# EXERCISE DESCRIPTION
Without pictures, return the lines from the one containing "Glowing geometric shapes" through the last line of the data below, exactly.

# INPUT
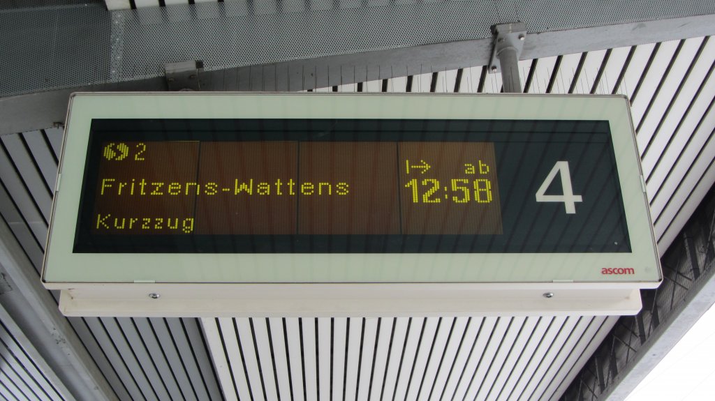 Zugzielanzeiger für S2 (Ötztal-Fritzens-Wattens) in Innsbruck Hbf.(14.2.2012)
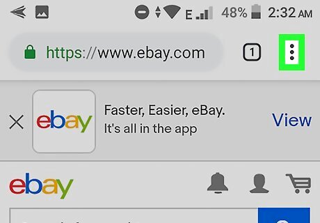 Select Desktop site in the menu. This will convert the page from eBay's mobile site display to its desktop display. This is important for accessing the Personal Information page for your account, since these settings aren't accessible on the mobile website.
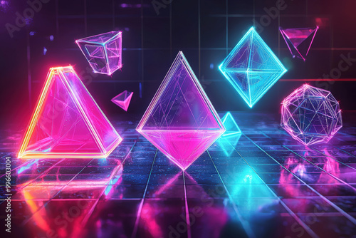 Glowing geometric shapes in vibrant colors create captivating visual display. neon hues of pink and blue illuminate scene, enhancing futuristic atmosphere
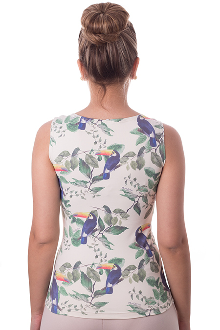 Blusa regata decote canoa estampas EXCLUSIVAS em tecido LIGHT CO2 biodegradável, com fator de proteção solar 50 UVA e UVB.
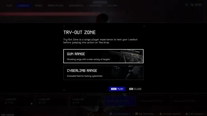 - Navigate to Loadouts from main menu and access Try-out Zone
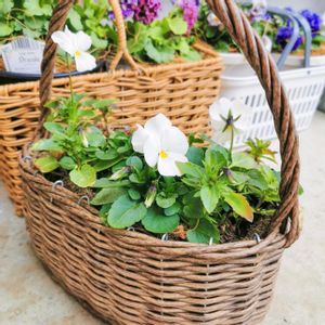 ノーブランドの白ビオラ 挿し芽と切り戻した親株のバスケット寄せです 咲き始めました
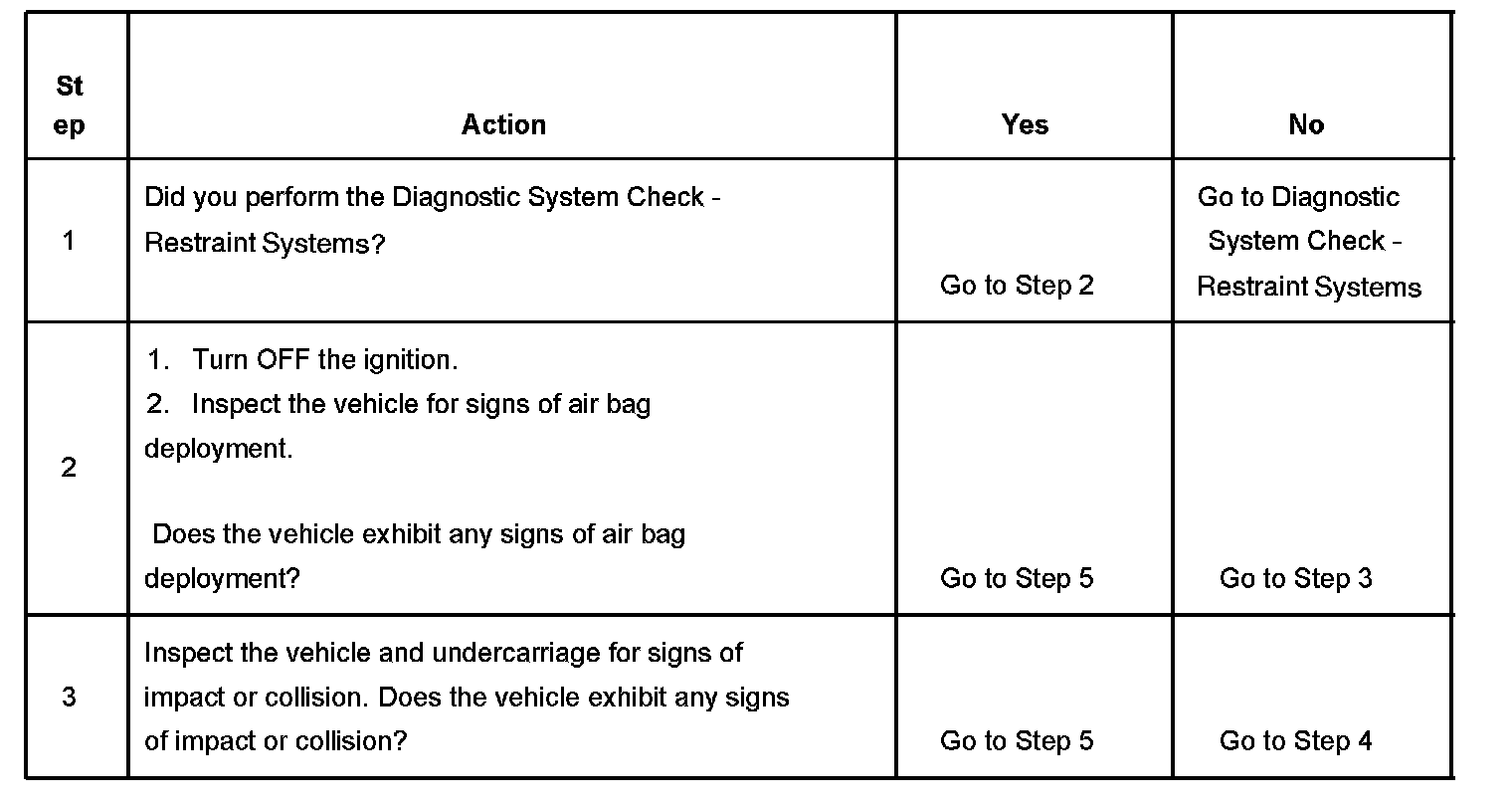 The inflatable restraint sensing and diagnostic module (SDM) contains a sensing device that converts changes in vehicle velocity to an electrical signal. The SDM compares this signal to a value stored in memory. When the generated signal exceeds the stored value, the SDM performs additional signal processing and compares the generated signals to values stored in memory. When two of the generated signals exceed the stored values, the SDM will cause current to flow through the inflator modules, deploying the air bags. DTC B0053 will set instead of DTC B0051 when a deployment occurs while an inflator circuit fault is present that may result in a non-deployment situation in one or more of the inflator modules.
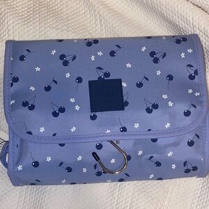 The Roll Up Bag unfolds into three roomy compartments, giving you the perfect balance of style and function. Simply hang it up to display your essentials neatly and within easy reach. Designed with a playful blue cherry print, this versatile bag is ideal for travel or daily organization.

# ANSWER SECTION
 Glowing geometric shapes in vibrant colors create captivating visual display. neon hues of pink and blue illuminate scene, enhancing futuristic atmosphere
 Blusa regata decote canoa estampas EXCLUSIVAS em tecido LIGHT CO2 biodegradável, com fator de proteção solar 50 UVA e UVB.
 - Navigate to Loadouts from main menu and access Try-out Zone
 ノーブランドの白ビオラ 挿し芽と切り戻した親株のバスケット寄せです 咲き始めました
 The inflatable restraint sensing and diagnostic module (SDM) contains a sensing device that converts changes in vehicle velocity to an electrical signal. The SDM compares this signal to a value stored in memory. When the generated signal exceeds the stored value, the SDM performs additional signal processing and compares the generated signals to values stored in memory. When two of the generated signals exceed the stored values, the SDM will cause current to flow through the inflator modules, deploying the air bags. DTC B0053 will set instead of DTC B0051 when a deployment occurs while an inflator circuit fault is present that may result in a non-deployment situation in one or more of the inflator modules.
 The Roll Up Bag unfolds into three roomy compartments, giving you the perfect balance of style and function. Simply hang it up to display your essentials neatly and within easy reach. Designed with a playful blue cherry print, this versatile bag is ideal for travel or daily organization.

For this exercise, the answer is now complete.